Task to complete -
Exact copy, no pictures: return only the lines below from the line with "Holiday stickers /" up to and including the line with "首頁(yè) > 關(guān)于華泰".
(Data in this exercise)
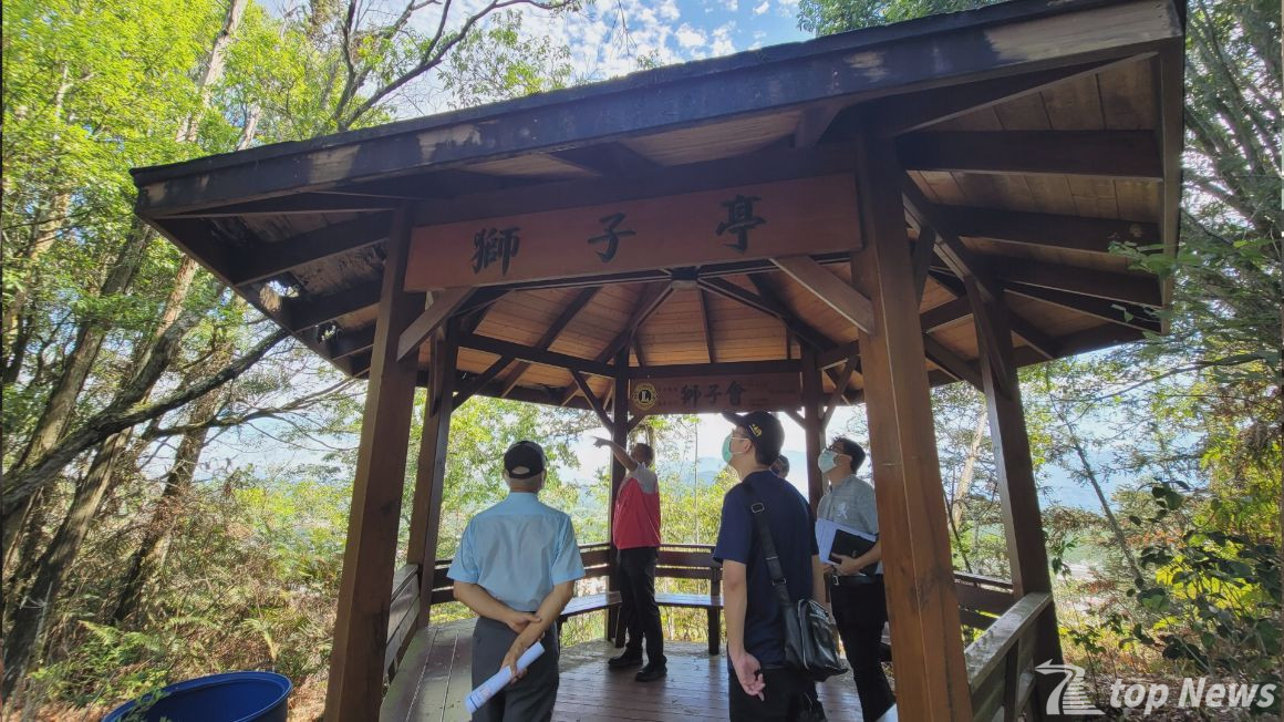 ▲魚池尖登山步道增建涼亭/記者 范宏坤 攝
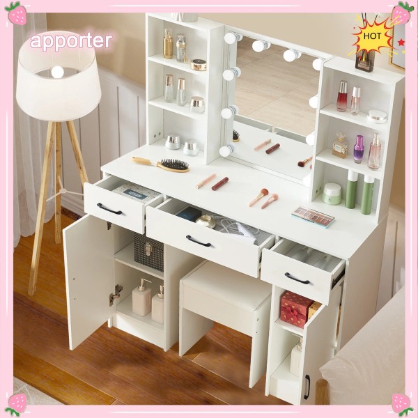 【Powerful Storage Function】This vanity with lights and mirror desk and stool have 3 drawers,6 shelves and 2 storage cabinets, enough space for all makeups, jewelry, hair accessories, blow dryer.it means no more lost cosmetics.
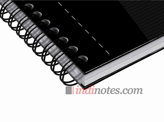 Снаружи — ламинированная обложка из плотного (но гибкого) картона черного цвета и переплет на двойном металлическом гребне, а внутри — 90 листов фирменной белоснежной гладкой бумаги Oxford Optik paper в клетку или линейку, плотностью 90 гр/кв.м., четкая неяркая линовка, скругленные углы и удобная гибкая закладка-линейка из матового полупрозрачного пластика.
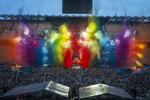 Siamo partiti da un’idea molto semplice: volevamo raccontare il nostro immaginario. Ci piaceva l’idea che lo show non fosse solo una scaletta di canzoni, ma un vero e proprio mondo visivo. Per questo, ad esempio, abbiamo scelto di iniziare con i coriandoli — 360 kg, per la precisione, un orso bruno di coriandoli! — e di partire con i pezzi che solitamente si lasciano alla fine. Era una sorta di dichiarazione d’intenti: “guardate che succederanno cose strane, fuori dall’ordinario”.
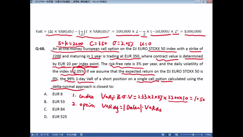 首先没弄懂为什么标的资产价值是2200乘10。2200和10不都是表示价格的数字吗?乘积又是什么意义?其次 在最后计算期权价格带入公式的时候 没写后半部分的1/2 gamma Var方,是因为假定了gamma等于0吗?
(End Data in this exercise)
(Data in this exercise)
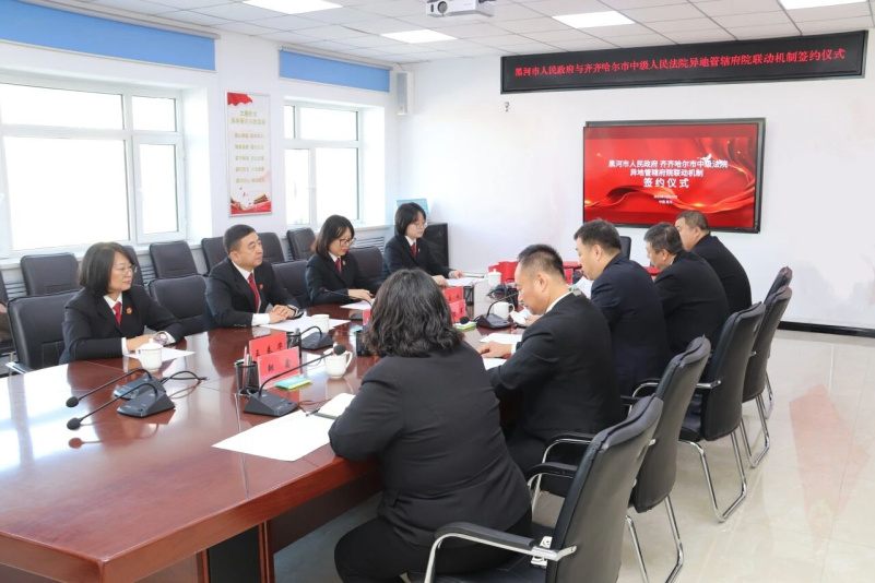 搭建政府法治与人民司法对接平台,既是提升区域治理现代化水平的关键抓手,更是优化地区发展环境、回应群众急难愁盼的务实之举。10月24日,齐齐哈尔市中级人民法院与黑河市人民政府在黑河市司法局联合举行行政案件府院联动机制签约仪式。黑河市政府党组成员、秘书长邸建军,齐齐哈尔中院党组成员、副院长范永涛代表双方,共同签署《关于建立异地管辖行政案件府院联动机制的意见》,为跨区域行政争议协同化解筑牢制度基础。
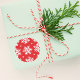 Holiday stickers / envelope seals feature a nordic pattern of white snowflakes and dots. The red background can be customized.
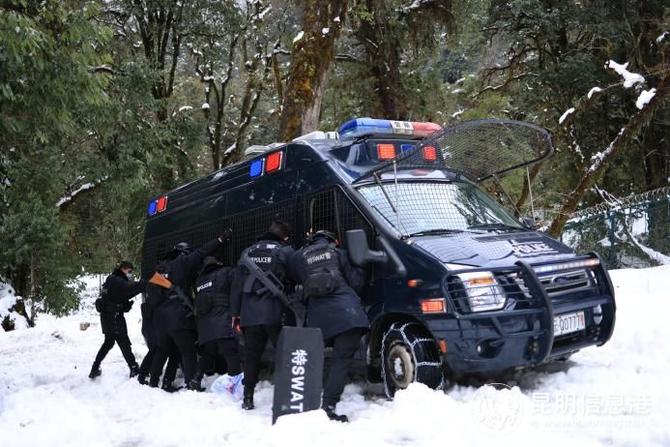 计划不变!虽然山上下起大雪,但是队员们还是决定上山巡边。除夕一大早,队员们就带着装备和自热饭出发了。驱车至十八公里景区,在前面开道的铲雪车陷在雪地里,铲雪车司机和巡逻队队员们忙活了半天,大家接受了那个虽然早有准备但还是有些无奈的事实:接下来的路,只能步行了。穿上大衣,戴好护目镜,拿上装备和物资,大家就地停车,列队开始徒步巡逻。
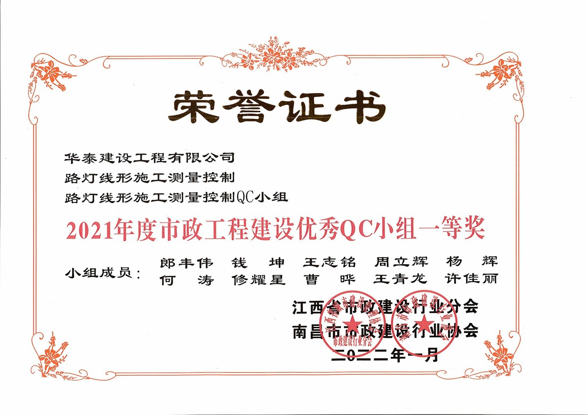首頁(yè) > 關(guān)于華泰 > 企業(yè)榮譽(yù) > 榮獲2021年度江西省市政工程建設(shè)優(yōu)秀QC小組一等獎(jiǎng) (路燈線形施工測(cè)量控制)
(End Data in this exercise)
Reply to the exercise -
 Holiday stickers / envelope seals feature a nordic pattern of white snowflakes and dots. The red background can be customized.
 计划不变!虽然山上下起大雪,但是队员们还是决定上山巡边。除夕一大早,队员们就带着装备和自热饭出发了。驱车至十八公里景区,在前面开道的铲雪车陷在雪地里,铲雪车司机和巡逻队队员们忙活了半天,大家接受了那个虽然早有准备但还是有些无奈的事实:接下来的路,只能步行了。穿上大衣,戴好护目镜,拿上装备和物资,大家就地停车,列队开始徒步巡逻。
首頁(yè) > 關(guān)于華泰 > 企業(yè)榮譽(yù) > 榮獲2021年度江西省市政工程建設(shè)優(yōu)秀QC小組一等獎(jiǎng) (路燈線形施工測(cè)量控制)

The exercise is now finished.